Desfaçam-se os zeros que dissolvem o futuro. São precisas todas as absolvições que a carne pode amadurecer. Todos os nasceres do sol que os sonhos congeminam, a jeito de o dia ser terapêutico. Nas balanças, sopesem-se os sobressaltos espúrios, as angústias descontratadas, os processos de intenção que atravessam um ermo lugar, a tremenda mania de sermos maiores do que a nossa silhueta.
Tomamos o lugar de um fiorde, o vento frio que trespassa a pele e magoa a carne; e, todavia, o lugar antípoda oferece-se, demiúrgico, como o segredo que confia a fonte criadora. Tudo se recompõe, nas artes à prova de inventário, em sucessivas convulsões que animam o sangue arrefecido. Não são lugares devastados que desfilam no estirador onde se reinventam. Não são rios desesperançados que correm vagarosamente para a foz, malparados no estuário que amplia o pôr-do-sol e disfarça a sua putrefação.

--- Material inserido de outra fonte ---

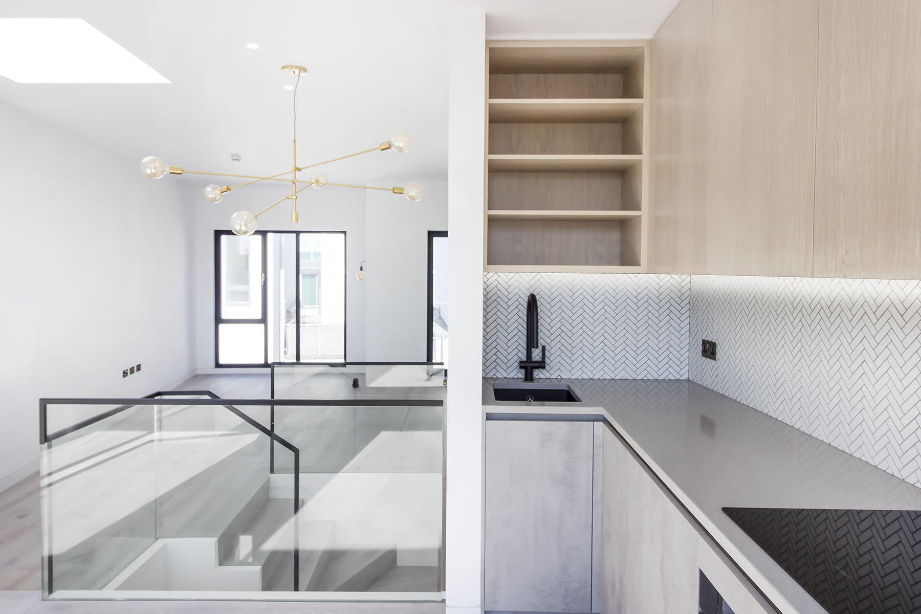 sme pracovali sme s tehlovými obkladmi natretými na bielo a svetlými drevenými
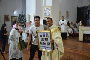 Ao final da missa, tiveram quatro homenagens: O Coordenador dos Ministros César Evangelista e João Victor destacaram algumas virtudes do homenageado: “Pe. Eldinei deu um grande dinamismo a essa paróquia, tem evangelizado muito pelos meio de comunicação, além de ser um padre presente”. Já o casal Eliane e Wellington entraram com um banner comemorativo e também o jornalista Rodrigo Alves do Portal Porto Mídia. O Pe. Dorivan Ribeiro pontuou: “Meu sentimento é de gratidão a Deus por esse momento, estou muito feliz por chegar até aqui”. O Pe. Eldinei Carneiro frisou: “A cruz faz parte do nosso ministério, mas ela nos configura ao Cristo, o papel do padre é mostrar Jesus e sua salvação, minha gratidão as comunidades São Judas, Imaculada e Catedral”.
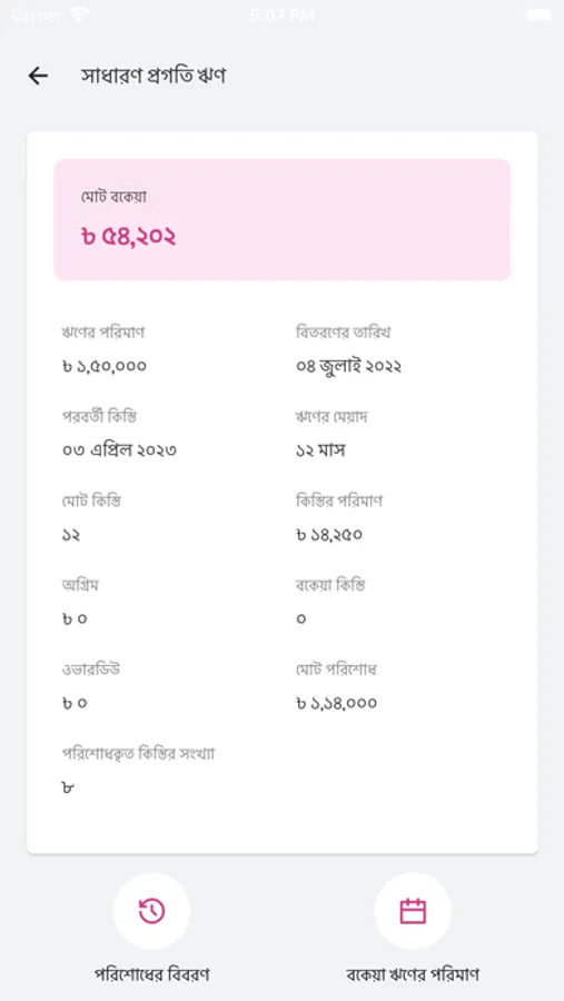 You can now access information of all your active loans and savings information from anywhere at any time right after login. You can also access detailed information and check your outstanding along with the due date.
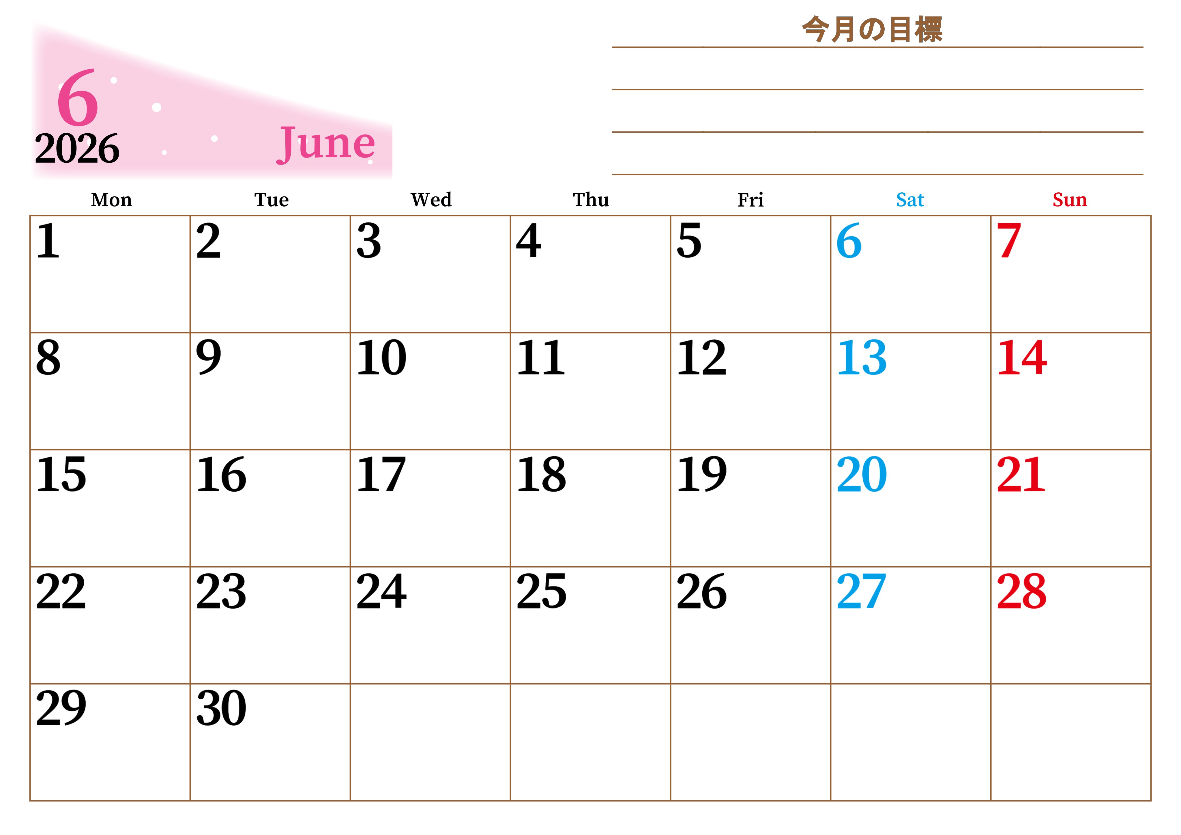 2026年・無料のカレンダーテンプレート 2026年6月カレンダーは横型月曜始まりで目標管理におすすめ♪勉強を継続するのに最適:無料(2026-01530601) 素材状デザイン王 2025年4月13日 2026年6月カレンダーは横型月曜始まりで目標管理におすすめです。勉強を継続するのに最適です。A4用紙に印刷をしましょう。無料ダウンロードしましょう。(2026-01530601) 6月 横型のカレンダー 月曜始まり 目標 カレンダーデザイン-0153
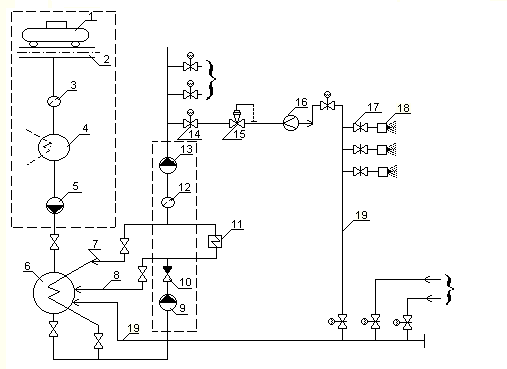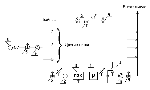 Рис. 6.3Газорегуляторный пункт (ГРП) – это одноэтажное здание, выполненное из огнеупорного материала, закрытое на ключ. Газ в ГРП поступает из магистрального газопровода. Давление в газопроводе 12-13 атм. (высокое давление) или 5-6 атм. (среднее давление). Для надежной работы котла на газе давление перед горелками должно быть 1,2-1,5 атм. Для дросселирования газа и сооружается ГРП. В помещении ГРП поток газа разделяется на нитки (4-5 ниток, из которых одна резервная). На каждой нитке, кроме регулятора, стоит фильтр, ПЗК и ПСК. Фильтр очищает газ от пыли. ПЗК срабатывает и выключает нитку, если давление газа за регулятором поднимается на 25% от рабочего. ПСК срабатывает и сбрасывает газ в атмосферу, если давление газа за регулятором кратковременно поднимается на 10% от рабочего Если в магистральном газопроводе давление падает до 3 атм., то регулятор дросселировать не может. Все нитки отключаются и переходят на ручное регулирование на байпасные нитки. | |||||||

Se a manhã não intimidasse, seríamos eloquentes como somos ao nascer. Não podemos desaproveitar a bondade do tempo. Não podemos ser passivos perante os legados que tutelamos. Por mais que a vida seja um esgrima contínuo e as feridas se acumulem numa demanda de cicatrizes, há o demais – o avivar da luz que se abate em pinceladas que assentam na pele, as estrofes que se aninham contra o mau uso do idioma, uma derradeira centelha que afinal é apenas mais uma, e de véspera, antes que outra venha e seja, também ela, a véspera de um acontecimento qualquer, e o dever de continuar a falar em vésperas sem escrutínio. Não somos demissionários do devir. Não somos autores, por capitulação, do destrate do tempo que se faz ávido nas mãos suadas. Somos rostos e braços e torso e pernas e pensamento e sexo e alma, inteira ou por frações, e por junto não devemos nada ao passado. Não interessa a contabilidade mesquinha com zeros a sucederem-se no horizonte. Não contamos as ninharias que tomam de assalto a atenção, a elas dedicamos a mais sincera desatenção – a melhor homenagem que lhes pode ser tributada. Antes que de nós sobrem as cinzas crepusculares, uma distante desmemória do esquecimento que passamos a ser. Pois que à morte, deixamos de ser.
Na aritmética da vida, deixamos de contar com os zeros. A contagem começa no um.